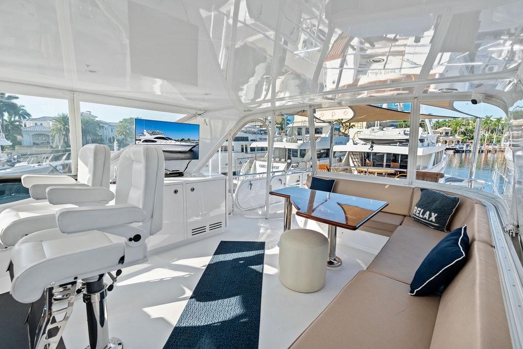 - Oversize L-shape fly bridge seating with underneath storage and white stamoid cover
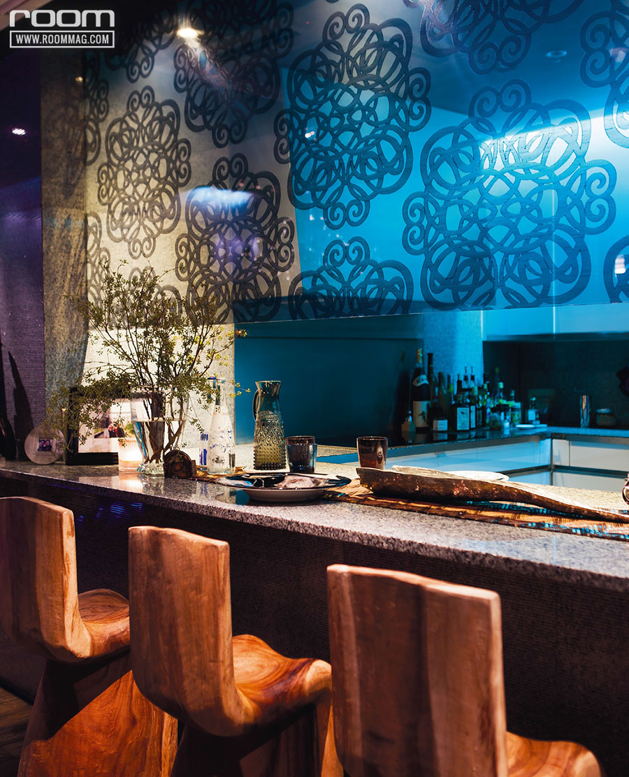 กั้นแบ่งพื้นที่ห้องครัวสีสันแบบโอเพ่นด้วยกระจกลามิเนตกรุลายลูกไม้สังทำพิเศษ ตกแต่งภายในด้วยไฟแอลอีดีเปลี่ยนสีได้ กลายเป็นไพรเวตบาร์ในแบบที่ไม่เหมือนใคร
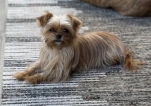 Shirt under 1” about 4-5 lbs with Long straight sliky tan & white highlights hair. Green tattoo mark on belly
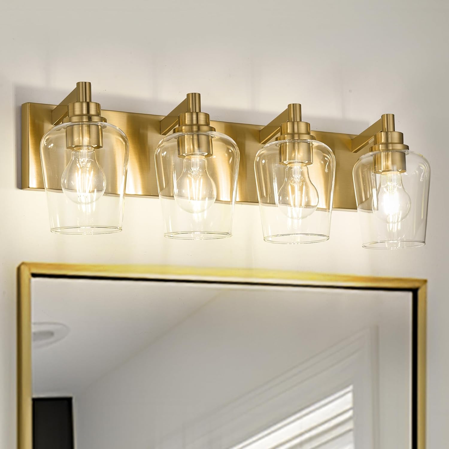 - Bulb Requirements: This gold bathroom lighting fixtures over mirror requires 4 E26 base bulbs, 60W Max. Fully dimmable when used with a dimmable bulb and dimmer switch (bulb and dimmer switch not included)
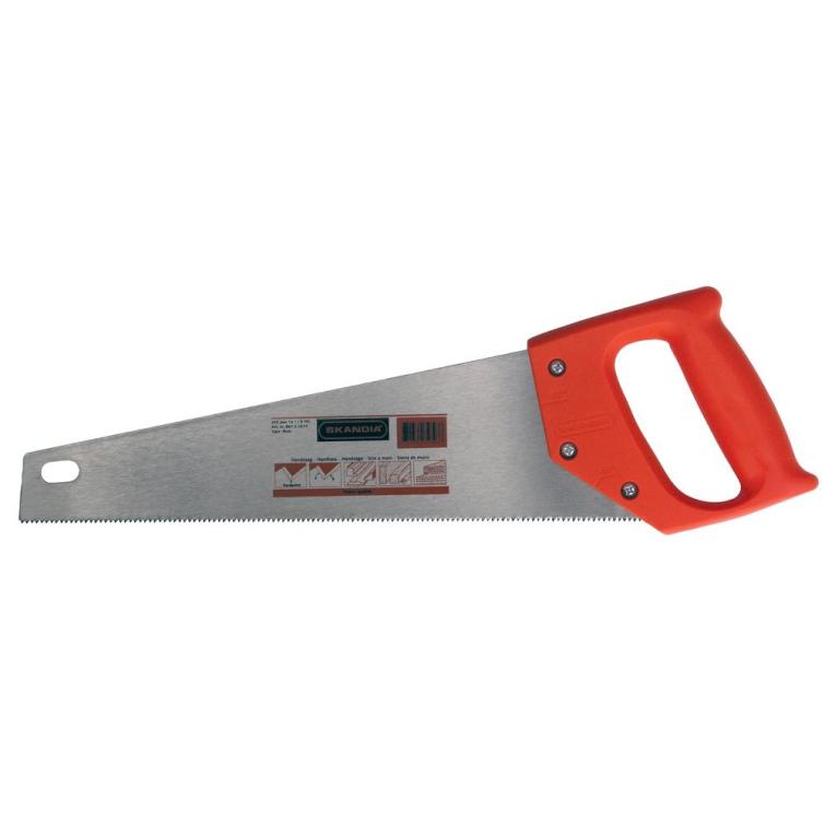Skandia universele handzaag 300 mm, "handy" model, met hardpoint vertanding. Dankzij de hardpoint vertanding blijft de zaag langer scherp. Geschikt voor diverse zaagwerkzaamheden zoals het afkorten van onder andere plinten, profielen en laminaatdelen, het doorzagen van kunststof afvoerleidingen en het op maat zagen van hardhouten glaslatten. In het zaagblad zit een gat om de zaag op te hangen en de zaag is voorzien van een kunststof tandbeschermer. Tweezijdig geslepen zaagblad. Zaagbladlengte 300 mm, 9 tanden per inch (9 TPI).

_ _ _ _

§ About this task
In the records above, find the line that contains "- Bulb Requirements: This" and repeat exactly that line and all lines after it to the end. Do not include pictures.

§ Response
 - Bulb Requirements: This gold bathroom lighting fixtures over mirror requires 4 E26 base bulbs, 60W Max. Fully dimmable when used with a dimmable bulb and dimmer switch (bulb and dimmer switch not included)
Skandia universele handzaag 300 mm, "handy" model, met hardpoint vertanding. Dankzij de hardpoint vertanding blijft de zaag langer scherp. Geschikt voor diverse zaagwerkzaamheden zoals het afkorten van onder andere plinten, profielen en laminaatdelen, het doorzagen van kunststof afvoerleidingen en het op maat zagen van hardhouten glaslatten. In het zaagblad zit een gat om de zaag op te hangen en de zaag is voorzien van een kunststof tandbeschermer. Tweezijdig geslepen zaagblad. Zaagbladlengte 300 mm, 9 tanden per inch (9 TPI).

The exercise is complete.